EXERCISE
Extract the lines from the first one in the records below through the line containing "这是一款专为小说爱好者打造的", keeping both ends and leaving out any pictures.

SUPPLIED DATA
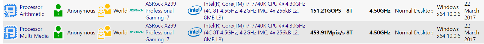 اطلاعات این CPU در پایگاه داده Sisoft به ثبت رسیده است و در کنار آن نام مادربرد ASRock X299 Professional Gaming به عنوان میزبان درج شده است. کوچکترین اطلاعاتی از این مادربرد در دست نیست. پلتفرم Intel Kaby Lake-X به عنوان اولین پردازنده های X99 راهی بازار خواهند شد؛ پس از آن Skylake-X در مدل های 6، 8 و 10 هسته ای راهی بازار می گردد. مشخصات Intel Core i7 7740K کمی عجیب است چرا که 4 هسته و 8 رشته برای آن درج شده است. احتمالا تعداد ترانزیستورها به شدت افزایش یافته است. سند این سخن، بالا رفتن توان حرارتی است.
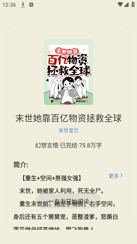 这是一款专为小说爱好者打造的阅读神器,平台内资源极为丰富,涵盖了各种各样的小说类型,大家可以随心挑选自己喜欢的书籍。
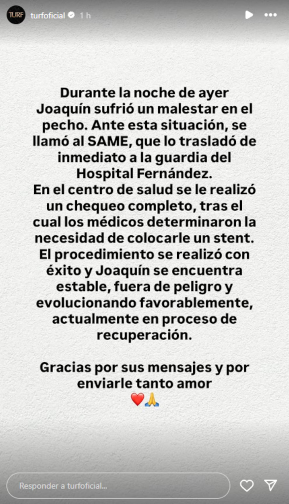 Horas más tarde, la banda emitió un comunicado oficial sobre el estado de salud de su líder: “Durante la noche de ayer, Joaquín Levinton sufrió un malestar en el pecho, ante esta situación, se llamó al SAME, que lo trasladó de inmediato a la guardia del Hospital Fernández”, informó el texto publicado en el Instagram de la banda.
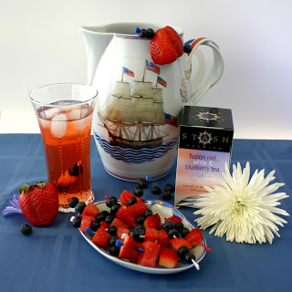 This Memorial Day I was thinking about the American Flag, and the sacrifice so many individuals and families have had to make. Living a military life is no easy feat, especially when loved ones are lost. As I was browsing the supermarket for summer treats I came across this tea. Stash Premium sells a Fusion Red White & Blueberry tea. "Antioxidant-rich rooibos, also known as red tea is slightly sweet and full-bodied. The addition of delicate white tea and 100% natural blueberry flavor creates a truly pleasant tea, delightful for day-long sipping." Not only that but turn it into an iced tea and you have the perfect Memorial Day drink. We paired it here with skewers of fresh strawberries, blue berries and watermelon and chilled it in our Constitution Open Cider Jug (S1986 - $205)
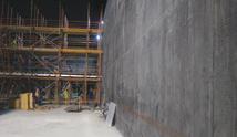 After the grout was cured to a strength of 80 MPa, the cables were stressed to 75% via six precast concrete buttress panels spaced along the perimeter of the reservoir.
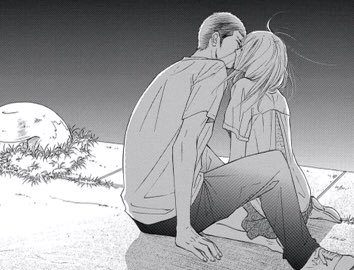 The way he is holding her chin and her blush
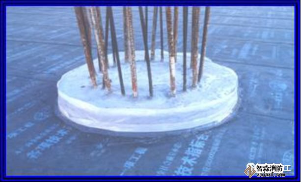 在進(jìn)行大面積防水卷材鋪貼前,應(yīng)先穿好帶有止水環(huán)的設(shè)備管道(止水環(huán)外徑比套管內(nèi)徑小4mm),并固定好,設(shè)備管道與套管之間的縫隙先填塞瀝青麻絲,再填塞聚硫密封膏 ,將防水卷材收口嵌入設(shè)備管道與套管之間的縫隙,再用聚硫密封膏灌實(shí),最后做一層矩形加強(qiáng)層防水卷材。穿墻管與內(nèi)墻角凹凸部位的距離應(yīng)大于250mm,管與管的間距應(yīng)大于300mm。
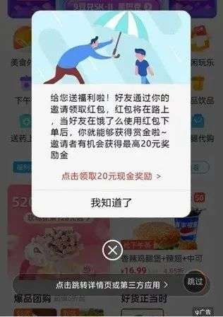 美女红包是人们可能会感兴趣的内容,那什么东西是你必须点的?系统弹窗信息。把广告做成高仿真的系统通知的样式,“红包到账、内存已满、网络断开、系统维护、知道了、请刷新…… ”,非常有可能会被用户当成真的通知点击。只是点击之后,不是通知消失,而是跳转到了另一个App上。

RESPONSE TO THE EXERCISE
 اطلاعات این CPU در پایگاه داده Sisoft به ثبت رسیده است و در کنار آن نام مادربرد ASRock X299 Professional Gaming به عنوان میزبان درج شده است. کوچکترین اطلاعاتی از این مادربرد در دست نیست. پلتفرم Intel Kaby Lake-X به عنوان اولین پردازنده های X99 راهی بازار خواهند شد؛ پس از آن Skylake-X در مدل های 6، 8 و 10 هسته ای راهی بازار می گردد. مشخصات Intel Core i7 7740K کمی عجیب است چرا که 4 هسته و 8 رشته برای آن درج شده است. احتمالا تعداد ترانزیستورها به شدت افزایش یافته است. سند این سخن، بالا رفتن توان حرارتی است.
 这是一款专为小说爱好者打造的阅读神器,平台内资源极为丰富,涵盖了各种各样的小说类型,大家可以随心挑选自己喜欢的书籍。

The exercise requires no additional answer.